Stocks have hit a roadblock since the S&P 500 and the Dow Jones Industrial Average climbed to record peaks Sept. 19. Meanwhile, the CBOE Volatility Index (VIX) has risen 35 percent since then.
And the trouble may have only just begun, says Scott Clemons, chief investment strategist at Brown Brothers Harriman Private Bank.
"I'm nervous," he told CNBC. "I think investors have had a holiday from volatility for almost two years, and that vacation's about over." The VIX index fell to a seven-year low in June.
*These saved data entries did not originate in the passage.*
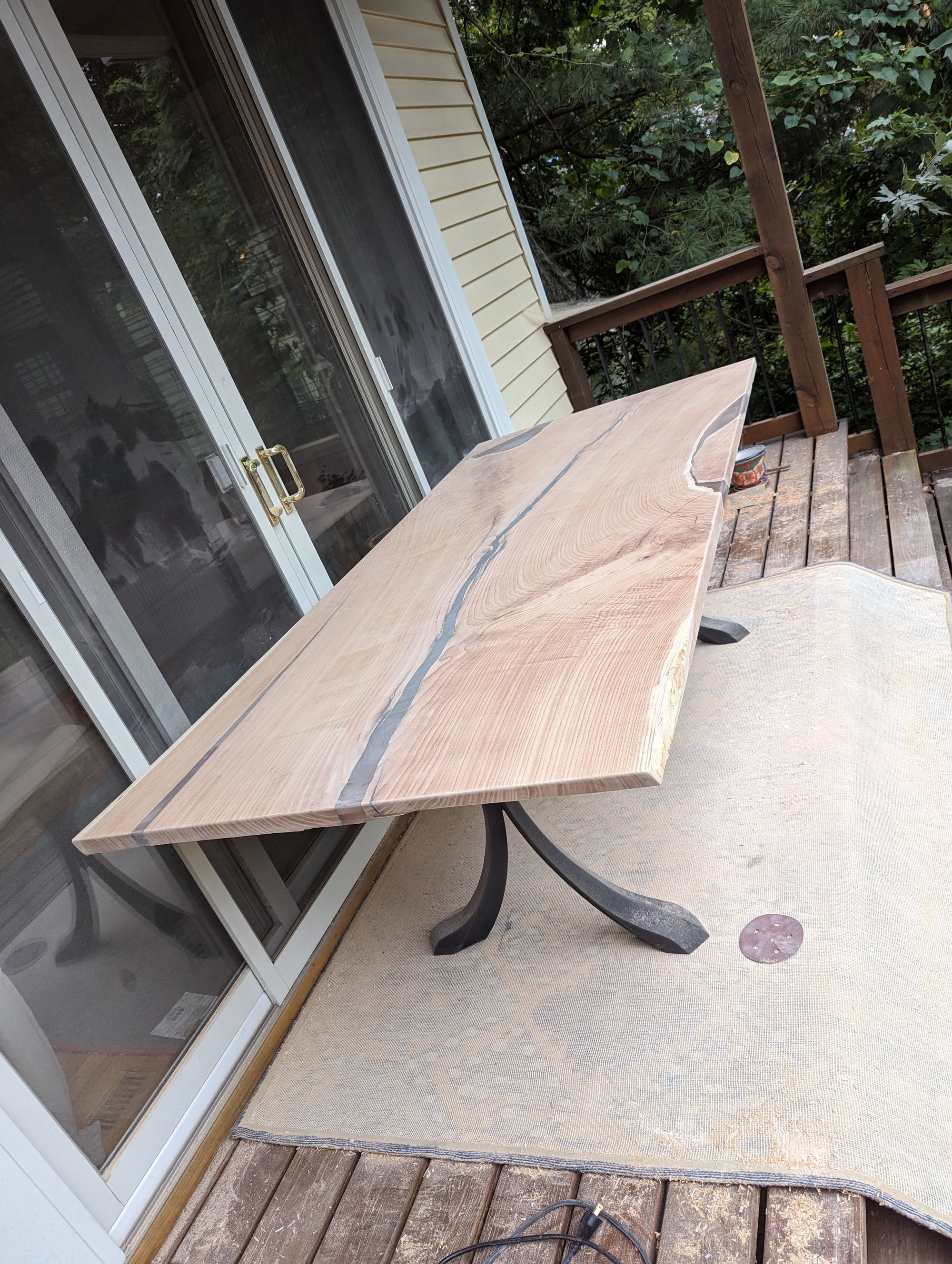 Found some beautiful powder-coated metal legs on Etsy by Flowy Line Design, and built an oak center stretcher that ties it all together structurally. Finally the Top had a base coat of epoxy and then several coats of clear polyurethane, before we gave it a boardgame trial on the back deck (highly recommend the game Pandemic Legacy btw!)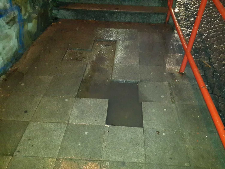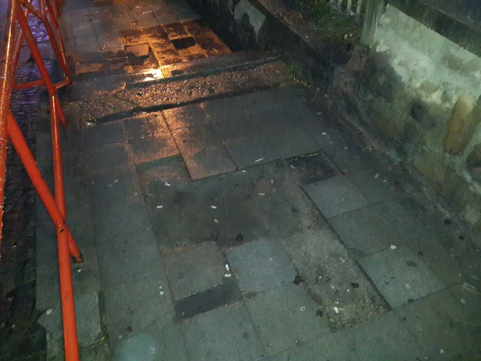 Po kišnom vremenu, na određenim delovima, stepenice su klizave, a u rupama se zadržava voda i formiraju se bare.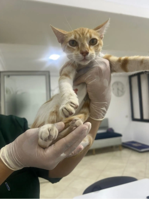 The kitten was extremely thin, and her belly was swollen — a sign she was likely suffering from tapeworms and other health problems common among stray animals.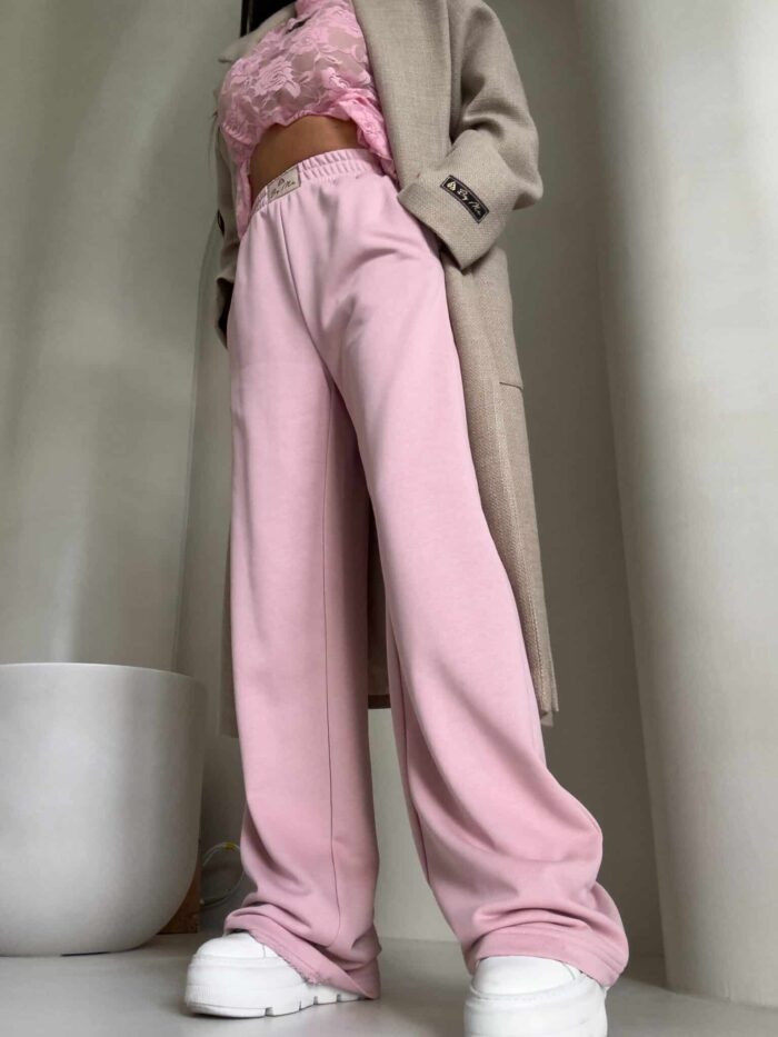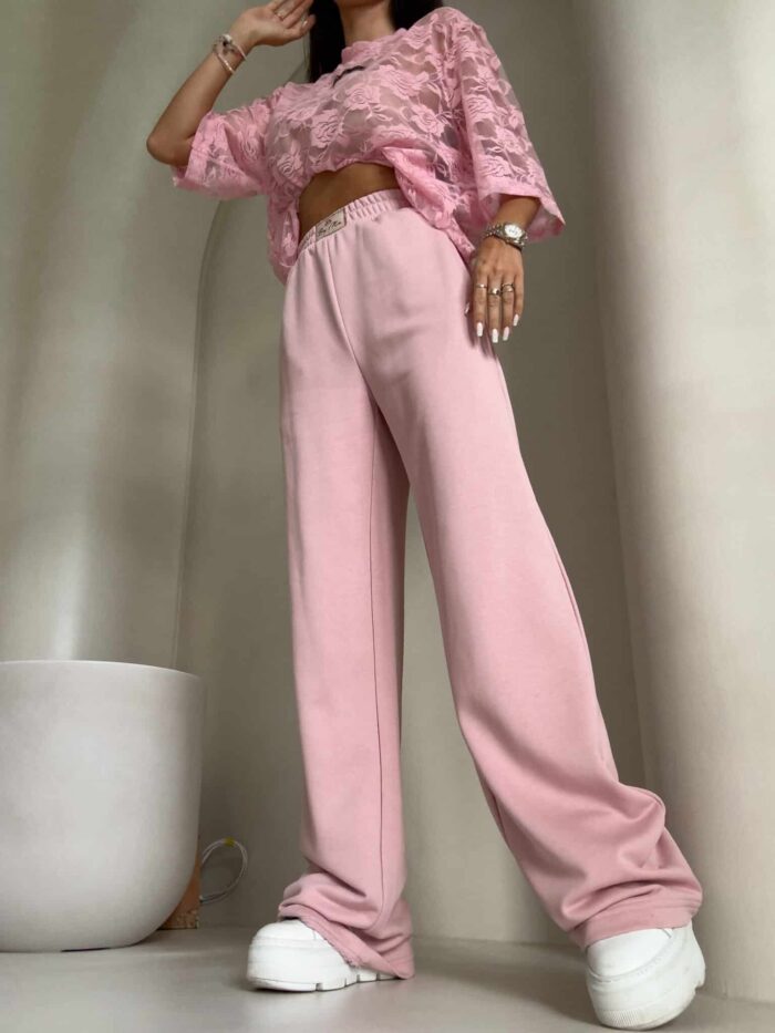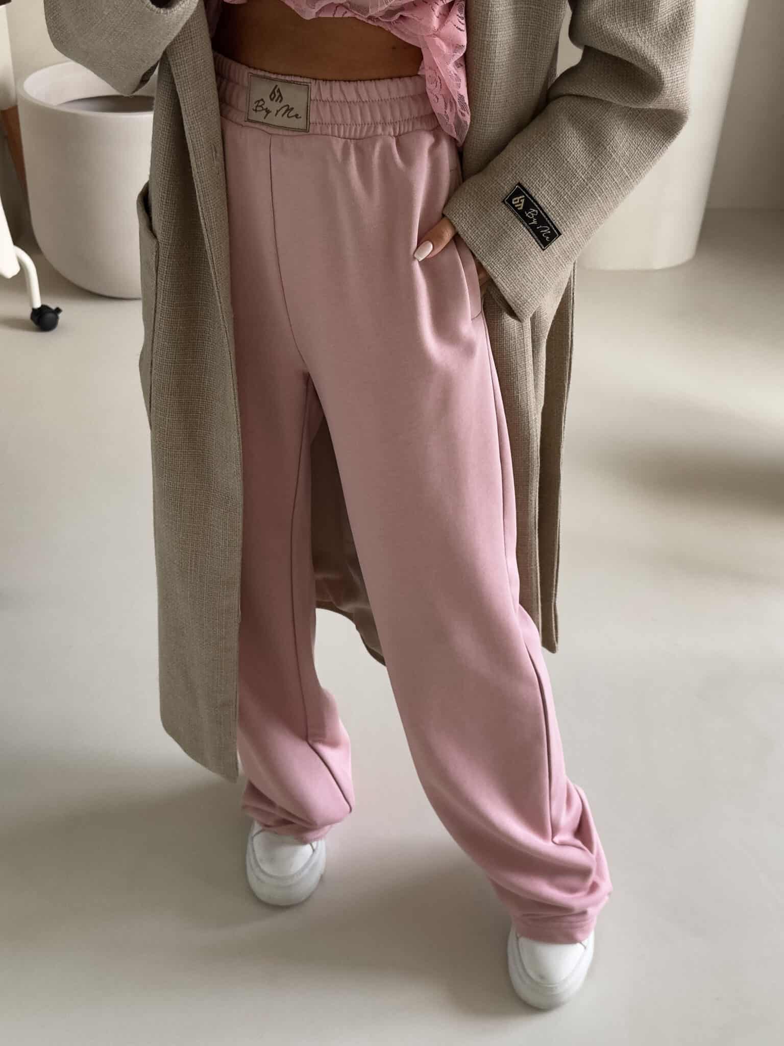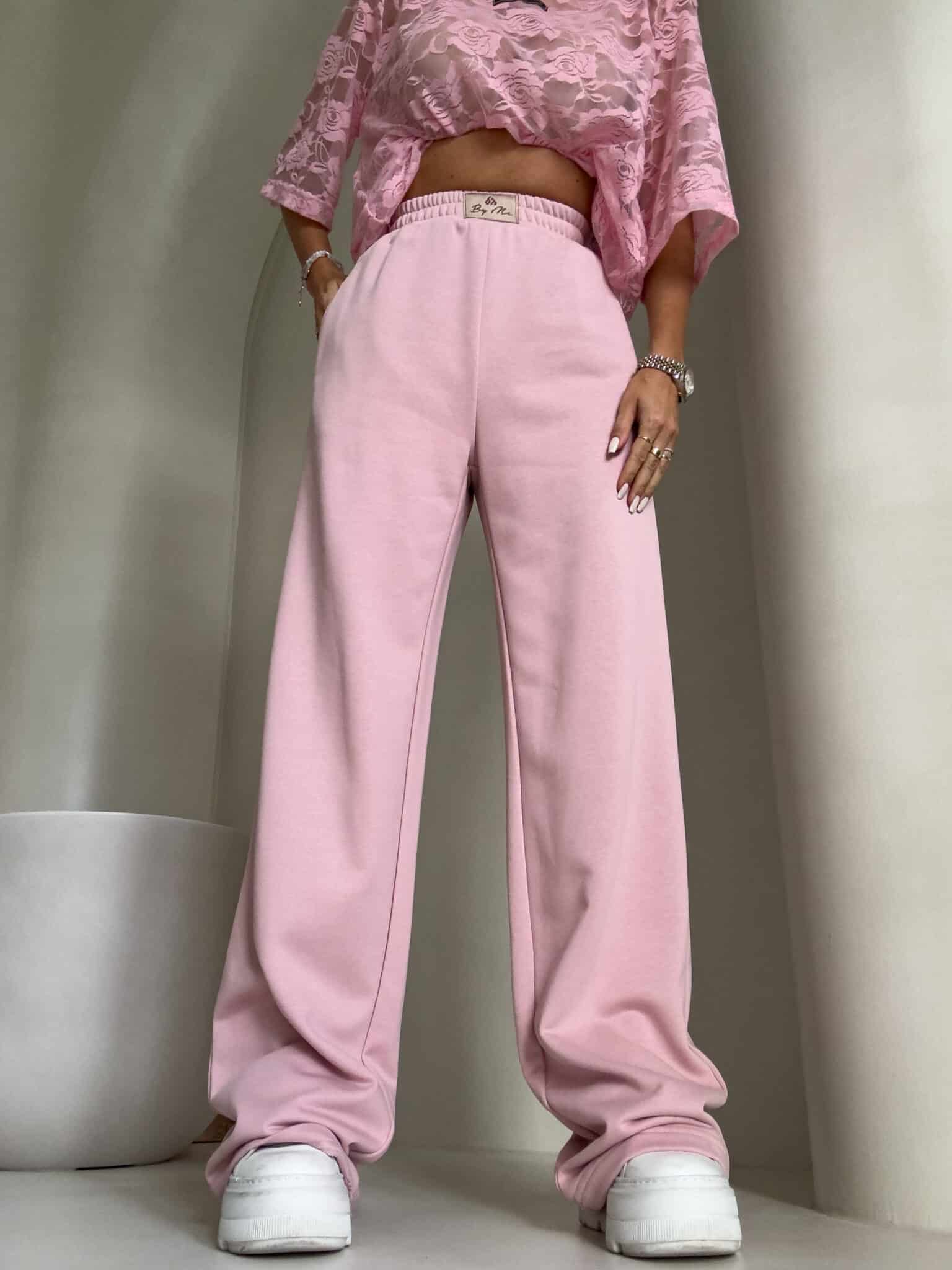 Luźne spodnie dresowe z szerokimi nogawkami to idealne połączenie komfortu i swobodnego stylu. Wykonane z miękkiego materiału, mają prosty krój i szerokie nogawki, które zapewniają maksymalną wygodę i pełną swobodę ruchów. W pasie znajduje się elastyczna gumka, dzięki której spodnie dopasowują się do sylwetki, nie uciskając. Dodatkowym detalem jest subtelna metka z napisem „By Me” przyszyta centralnie na gumce, podkreślająca unikatowy charakter produktu.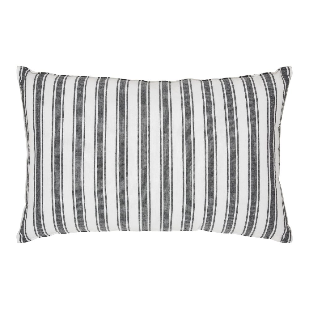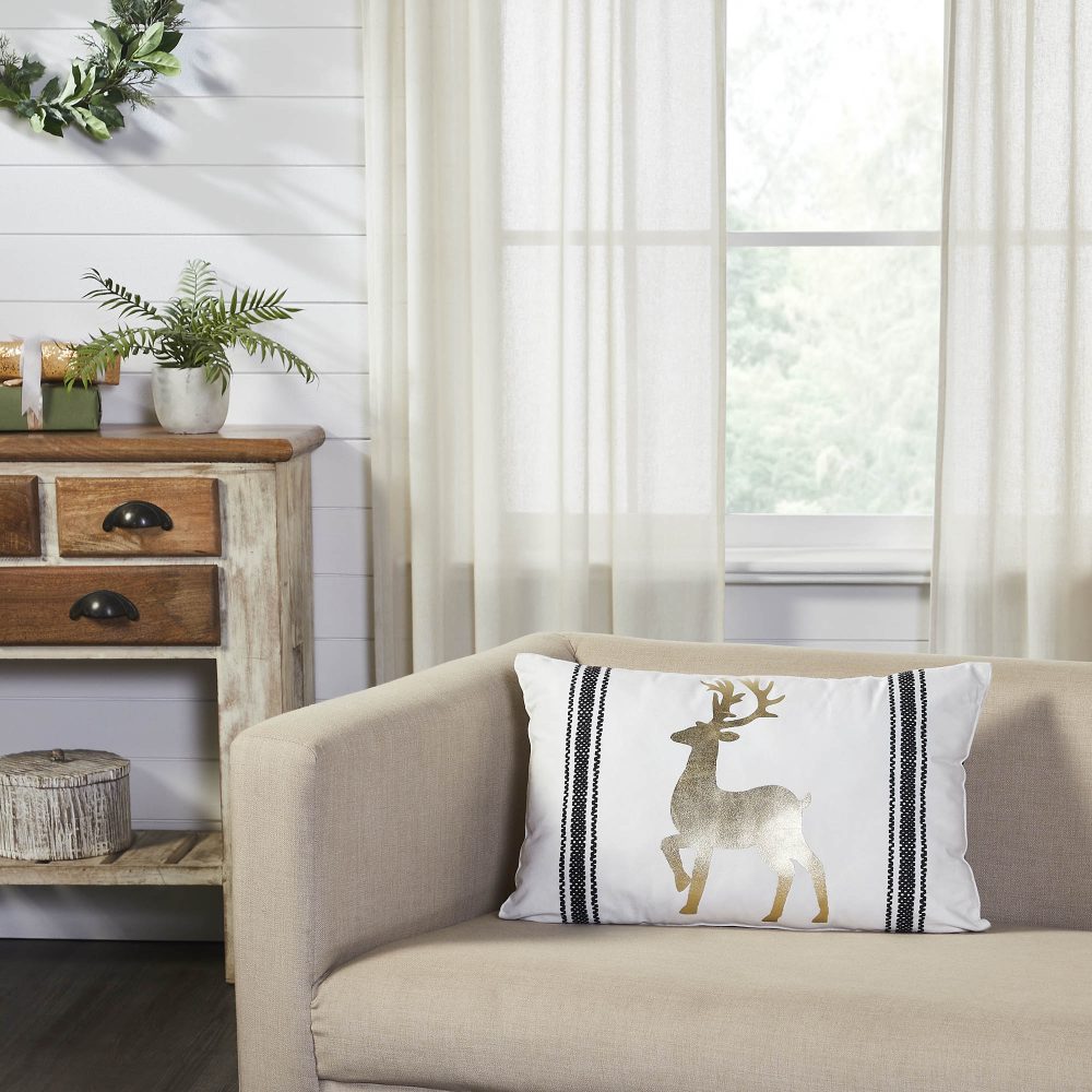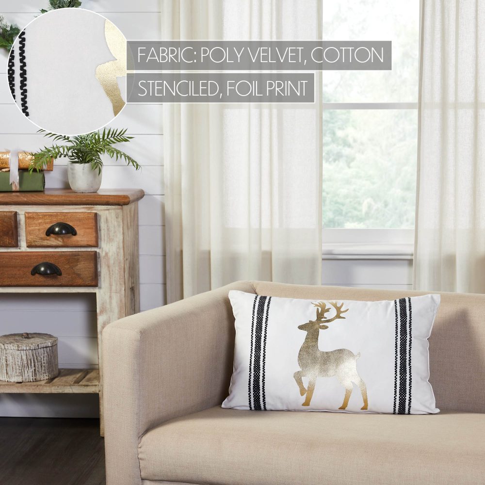 Add a bold and elegant touch to your Christmas decor with a black, white and gold theme. The Wintergleam Reindeer Pillow measures 14x22 inches and is made with 100 percent cotton. The front of the seasonal accent pillow features a striped design printed in solid black surrounding a central reindeer design in gold foil. The filled pillow reverses to a black and white grain sack stripe. Coordinates with the Wintergleam Collection by VHC for bold and elegant Christmas style for the entire home.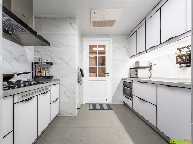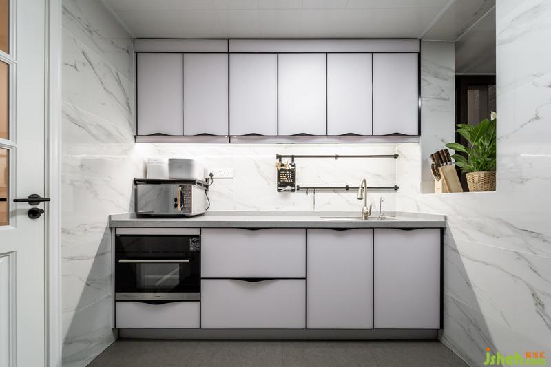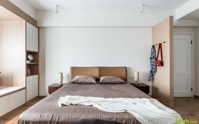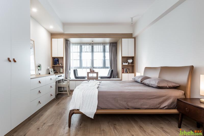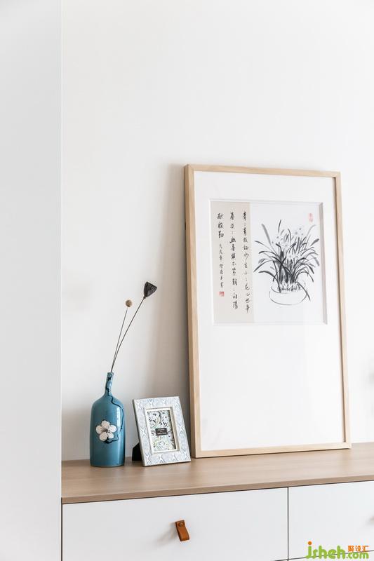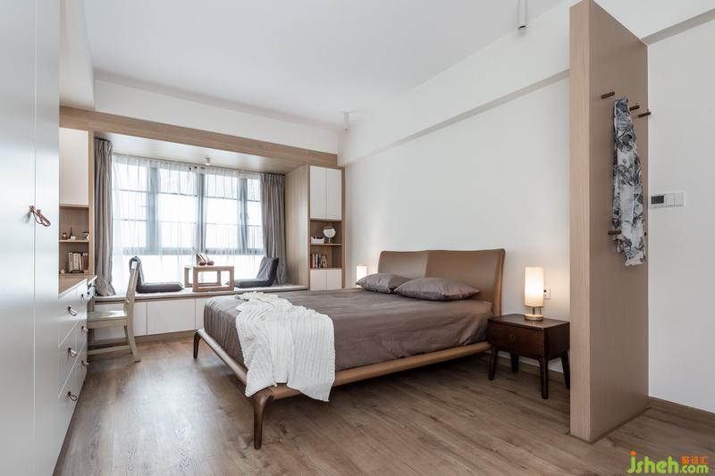 閑暇時(shí),執(zhí)一紙素箋,蘸一點(diǎn)淡墨,書寫繪畫,修養(yǎng)心性。床尾的書桌,是老房子用了多年的寫字臺(tái),床頭柜的臺(tái)燈也陪伴家人多年。用書柜加寬的飄窗臺(tái),多年累下來的書本全部收納于此,小憩、品茶、閱讀,清風(fēng)微拂,白紗輕揚(yáng)。好不自在。門口的木飾面隔斷,阻隔客廳來訪視線,保證隱私。裝上幾個(gè)精致的小掛鉤,便是個(gè)多功能的衣帽架。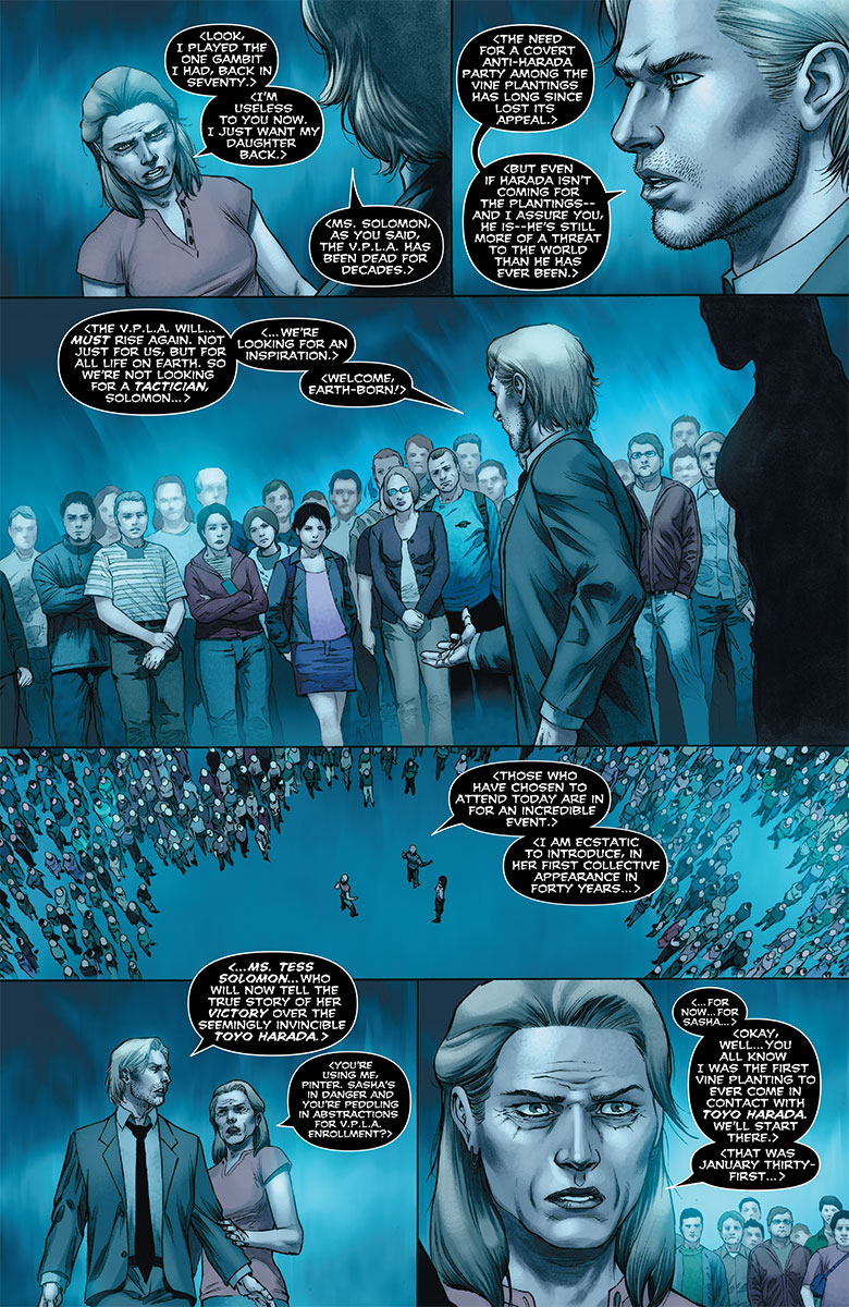 The world is suspended within balances of power. Tense and delicate terms of peace, crisscrossing and humming just below the surface. The Vine plantings, undercover alien spies of a galaxy-spanning race, hold positions of influence all over the planet. Toyo Harada, Earth’s most unstoppable psiot, amassed a bedrock of power through his corporate, political, and super-powered maneuverings. A tenuous détente has long held between the slumbering giants, each with the world held loosely in their grip. Until now.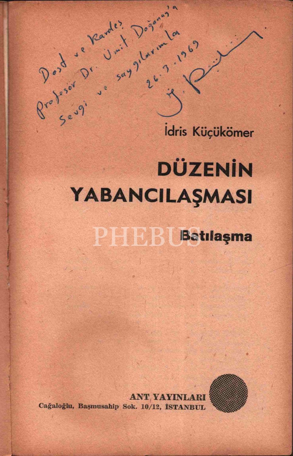 İdris Küçükömer´den Ümit [Yaşar] Doğanay´a ithaflı ve imzalı DÜZENİN YABANCILAŞMASI (Batılılaşma), Ant Yayınları, İstanbul - Nisan 1969, 162 sayfa, 12x20 cm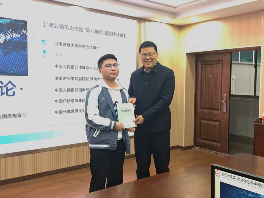 1117日下午,学院在经管大楼F202报告厅举办了“商界精英进校园”论坛,邀请了我校湖湘学者讲座教授、中国印钞造币集团有限公司党组书记、董事长刘贵生担任第9期主讲嘉宾,主题为“现代财务论”,讲座由财务会计系主任朱锐主持,学院师生代表60余人参加了讲座。

"The complacency in the market is one of the things that creates a fragility that could lead to an enhanced or exaggerated negative market reaction, on even a modest piece of negative news," Clemons said.
So how should investors position themselves?
"We're pretty defensive in the way we're approaching the market between now and the end of the year," Clemons said. "We've allowed cash in our portfolios to rise. We are happy to hold cash as dry powder in anticipation of taking advantage of that future volatility."
While Mark Hulbert, editor of Hulbert Financial Digest, is bearish on stocks for the long term, he thinks they can rise further before they fall.
"Investors’ mood has quickly soured in recent days, potentially setting up the stock market for a short-term bounce," he writes on MarketWatch.
"As a contrarian, I get uneasy when too many begin to agree. And over the past week or so, there has been nothing short of a mad rush to the exits among retail-oriented investment advisers."